Staying cost-effective under increased load

Michał Cukierman

by Michał Cukierman
9 min read

Problems with scaling AEM Problems with scaling AEM

Imagine a factory that suddenly receives a large, unexpected order. It might struggle to meet this sudden demand due to its unprepared production line. Traditional Digital Experience Platforms (DXPs) face a similar issue when they encounter a rapid increase in data traffic.

Their stiff and unchanging architecture lacks the flexibility and ability to grow that's needed to handle such situations. For a website, handling high demand is a crucial moment that requires constant readiness. It’s a marketers nightmare to have your months-long Black Friday campaign preparation end in a site crash. 

Modern platforms should always be prepared to handle an increased load and must do so cost-effectively. However, the application's ability to grow within a single-unit architecture is usually limited by the hardware and infrastructure restrictions of the system.

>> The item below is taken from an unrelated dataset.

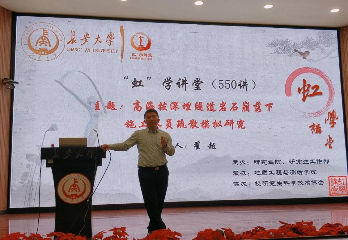 4月22日下午,由研究生院、研究生工作部主办,地质工程与测绘学院承办,校研究生科学技术协会协办的“虹”学讲堂第550讲在南校区东院伯声报告厅举办。bat365正版唯一官网翟越教授作题为“高海拔深埋隧道岩石崩落下施工人员疏散模拟研究”的报告,相关学院共200余名师生参加讲座。

Traditional DXPs have tried to overcome this problem by creating distributed systems from single-unit applications and complex data replication mechanisms. While this solution was advanced when it was created, it now struggles to keep up with newer technologies like rapid cloud adoption, serverless computing, application containerization, and microservice architectures

Understanding scalability

To better understand the DXP scalability issues, we first need to define what scalability is. There are two main ways that we can increase the size of applications:

  1. Vertical scaling: when we add more resources to a single machine to handle more load.

  2. Horizontal scaling: when we add more machines to a system to share the extra load among them.

infographic showing horizontal and vertical scaling

Figure 1: Horizontal and vertical scaling

In practice, vertical scaling is like moving to a more powerful machine, or adding resources if you are using a virtual system. This is easy to do.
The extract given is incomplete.